Designing/developing for other brands is something I’m blessed to do on a daily basis. It’s mostly interesting, but I have to be completely honest, what I really love is executing my own ideas and products and designing for my own brands/collaborations (under my ‘MrBailey‘ moniker). When I’m designing under MrB, it’s personal. I’m trying to create something tangible that represents myself and my friends’ ideals and what I genuinely am interested in, rather than just what a specific brand’s audience would be into.
Collaborations are incredibly interesting, because it’s a true combination of placing my taste and personality into a design and pushing the brand I’m collaborating with into new areas, all while trying to not alienate their current fan base. It’s a process of creating products that are palatable, yet forward thinking and detail oriented. Initially creating shoes that may at first look similar to what’s currently offered by the brand, yet at closer inspection have interesting design details that separate them and fulfill my personal designer indulgences.
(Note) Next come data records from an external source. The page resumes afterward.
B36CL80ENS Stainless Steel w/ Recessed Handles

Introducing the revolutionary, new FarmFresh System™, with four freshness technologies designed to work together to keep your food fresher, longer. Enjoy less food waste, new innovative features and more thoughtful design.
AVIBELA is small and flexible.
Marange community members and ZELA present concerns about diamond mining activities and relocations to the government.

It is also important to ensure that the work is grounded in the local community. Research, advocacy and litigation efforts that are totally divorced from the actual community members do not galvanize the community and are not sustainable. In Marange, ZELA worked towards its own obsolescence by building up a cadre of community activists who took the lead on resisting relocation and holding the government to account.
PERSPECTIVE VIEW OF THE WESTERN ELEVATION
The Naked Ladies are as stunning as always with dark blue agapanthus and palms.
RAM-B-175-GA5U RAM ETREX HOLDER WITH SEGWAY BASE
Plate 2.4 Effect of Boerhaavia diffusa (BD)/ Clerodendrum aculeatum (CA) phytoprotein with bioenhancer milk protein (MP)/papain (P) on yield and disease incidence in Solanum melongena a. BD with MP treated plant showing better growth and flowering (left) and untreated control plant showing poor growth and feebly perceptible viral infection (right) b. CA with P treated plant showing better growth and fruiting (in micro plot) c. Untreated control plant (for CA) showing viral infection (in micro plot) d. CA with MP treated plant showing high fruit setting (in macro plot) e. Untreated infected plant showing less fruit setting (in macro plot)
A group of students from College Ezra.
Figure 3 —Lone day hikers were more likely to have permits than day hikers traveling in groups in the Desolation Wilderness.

Of-course this mind-set varies depending on the brand you’re collaborating with, and how prepared they are to push the boundaries of what they offer.
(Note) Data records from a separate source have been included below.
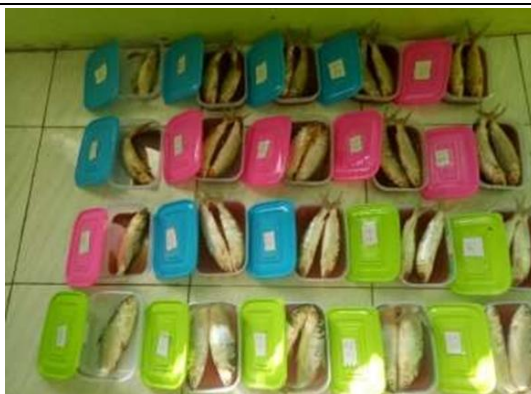
Figure 2. Preservation of milkfish ( Chanos chanos ) using ethanolic extract of Rhizophora mucronata leaves at different concentrations (12.5, 25, 37.5, and 50 ppm).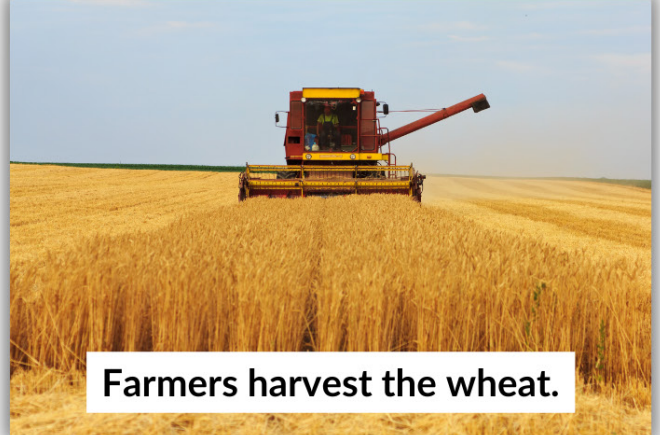
Farmers harvest the wheat.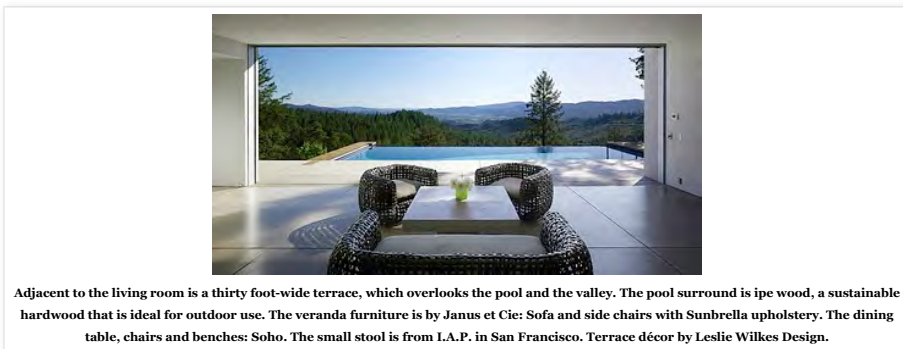
Adjacent to the living room is a thirty foot-wide terrace, which overlooks the pool and the valley. The pool surround is ipe wood, a sustainable hardwood that is ideal for outdoor use. The veranda furniture is by Janus et Cie: Sofa and side chairs with Sunbrella upholstery. The dining table, chairs and benches: Soho. The small stool is from I.A.P. in San Francisco. Terrace décor by Leslie Wilks Design.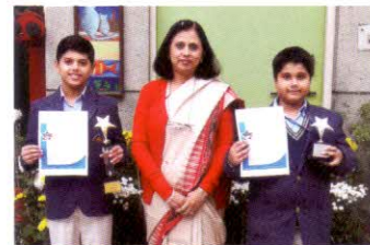
Young Achievers with their Mentor

Digital Citizenship and Cyber Wellness Online Olympiad was organized in the school by the Ministry of Electronics and Information Technology and Learning Links Foundation on 27 th October, 2017. The Olympiad aimed at generating awareness on using the internet resources safely and responsibly for building a Safe Web Environment by nurturing responsible Netizens. 24 students appeared for the DCCW Online Quiz. The quiz witnessed participation of students from all across the globe.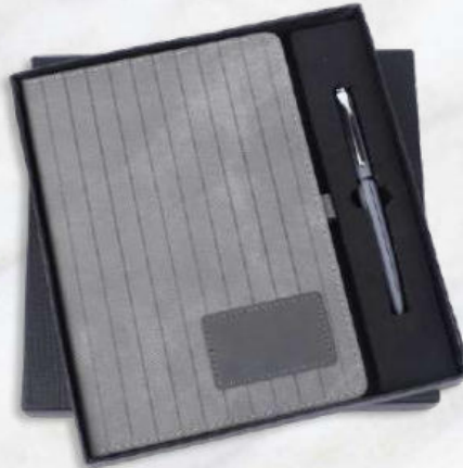
RG - 02 Rs.705/-

Whether designing my own products, or collaborating with brands, it’s always a super interesting learning experience. So with all that said, these are 5 Things I’ve Learned From Designing My Own Sneakers (there’s plenty more, but I’ll save those for part II).
Seems obvious, but in a world connected via social media, blogs (this blog included) and everything else in between, it’s so easy to see what’s being done by others and following along, because you’ve seen that it’s worked for someone else. The ‘trust’ I’m talking about, is having trust in your ideas, your interests and tastes, what you honestly think is cool, and not what you’re supposed to think is.
This isn’t me saying you should blindly believe in your ideas and not listen to anyone else’s opinion. Quite the contrary. Share your ideas with the right people and 9 times out of 10, they’ll become a lot better. The trick is knowing the right people to share these ideas with, and then having the balls to follow through on them.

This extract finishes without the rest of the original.